Между тем, как ближе к полудню у него было выступление, и заменить его было особо некем.

Миреле до последнего ждал, что Канэ всё-таки придёт в себя, однако поняв, что чуда не произойдёт, согласился взять ответственность на себя.

— Это я вчера недоглядел. Что ж, буду выступать вместо него, — решил он.

— Ты? Но ты столько лет не появлялся на публике. Да что там, вообще толком не появлялся никогда... Ты считаешь, что сможешь? — забеспокоился Ихиссе.

— Не волнуйся, я же не бездельничал всё это время. — Миреле улыбнулся. — Я репетировал... собственно, разве не для этого ты привёз меня в дом Мереи?

— Да? Ты не рассказывал. Я подумал, что ты, возможно, просто отдыхаешь там душой, что тоже необходимо. Что же ты репетировал?

— Танец.

— Танец? Ну так тебе нужна будет музыка. Какая?

— Любая.

— Импровизировать будешь? Это сложно, Миреле. Ты уверен, что всё получится так, как ты хочешь?

— Не знаю, но чему-то же я научился за эти годы!

Ихиссе оставил дальнейшие пререкания, а Миреле переоделся в лёгкую одежду, более подходящую для выступления.

"Есть то, за что я, без сомнения, очень тебе благодарен, Кайто, — думал он, стоя позади занавеса и дожидаясь окончания предшествующего номера. — За то, что, познакомившись с тобой, я научился танцевать, выражая свою любовь. Любви, быть может, и нет больше... а, впрочем, она есть всегда. Человек, который любил хоть однажды, смотрит на мир не так, как тот, кто не любил никогда".

Он не продумывал деталей своего танца, рассчитывая, что всё сложится само собой — и так оно и получилось. Лиц зрителей он не видел, однако слышал музыку — точнее, угадывал её своим чутким обострённым слухом. Предчувствовал любое изменение в тональности и мелодии ещё до того, как оно происходило в реальности, и подстраивал под него свои движения. Особенно сильное впечатление это произвело тогда, когда музыканты, поддавшись импульсу, исходившему от Миреле, и сами принялись импровизировать — музыка становилась всё громче и громче, взлетая в небеса, мелодия — всё ярче, расцветая, как бутон, пустивший в ход все силы, чтобы в одном самоотверженном порыве распустить лепестки.

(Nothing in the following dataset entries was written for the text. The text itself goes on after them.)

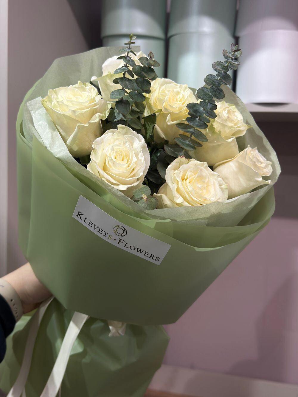 Роза одноголовая 7шт Эвкалипт 3шт
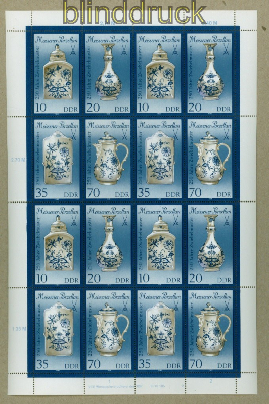 Deutsche Demokratische Republik Mi # 3241 II/44 II postfrisch kompletter Zusammendruckbogen Meißener Porzellan (III) kompletter Zusammendruck-Bogen postfrisch einwandfreie Erhaltung siehe Scan
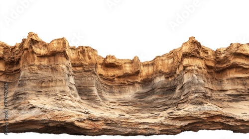 A detailed view of Martian cliffs with sharp ridges and layered sedimentary rocks, isolated on white
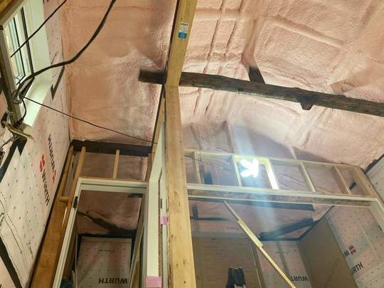 2. 折半屋根と梁の間にできる複雑な形状の隙間には、現場発泡ウレタンを吹き付け、気流と熱の通り道を完全に塞ぎます。
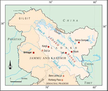 On the outline map of India, mark the Karakoram Range, Zanskar Range, Ladakh and Zoji La pass.
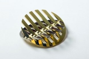 Alpaca en messing, techniek: waterjet, diameter 65 mm. Kleine oplage
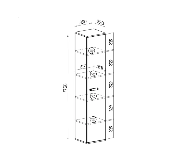 Úzká policová skříň BENSON je charakteristická svým dekorem dubu canyon. Disponuje 4 policemi pro vystavení uložení všeho potřebného. Je vyrobena z kvalitních materiálů, takže vám bude sloužit mnoho let.
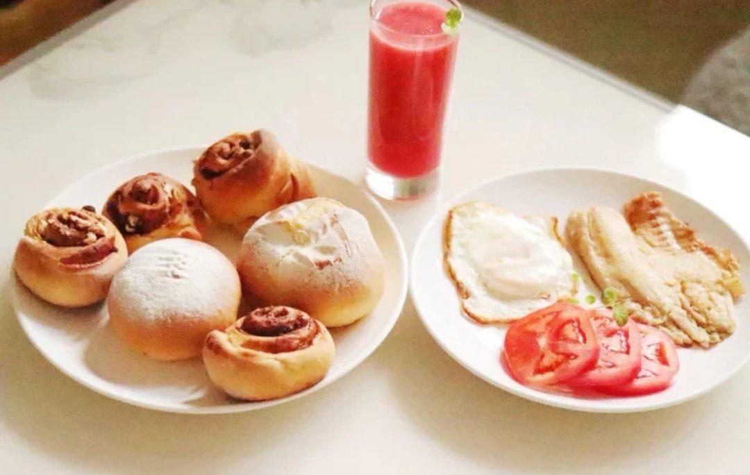 某天早餐~ 配了晚上做的红糖肉桂卷和奶酪包 树莓汁 一个阳光早餐就做好啦!
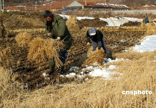 10月22日,黑龍江穆棱市河西鄉(xiāng)三興村農(nóng)民在搶出被大雪覆蓋的水稻田。近日,黑龍江省牡丹江市局部地區(qū)突遭暴雪襲擊。轄區(qū)內(nèi)的綏芬河市、穆棱市、林口縣、東寧縣等東部地區(qū),降雪量達到了大雪及暴雪的程度,部分地面積雪厚達1米以上。此次出現(xiàn)的強降雪天氣,給當?shù)剞r(nóng)民的秋收工作造成較大影響。暴雪過后,牡丹江市涉農(nóng)部門積極指導農(nóng)民開展抗災自救,將農(nóng)業(yè)生產(chǎn)的損失降到最低限度。中新社發(fā) 莊文斌 攝

Глядевший на зрителей краем глаза, Миреле понимал, что его выступление имеет шумный успех, и поражался тому, сколь мало это для него значит. Хотя ведь, казалось бы, он никогда не придерживался мнения, что актёр выступает для одного лишь себя, и не желал для Канэ безвестности — наоборот, хотел, чтобы тот смог сказать то, что должен, и был услышан...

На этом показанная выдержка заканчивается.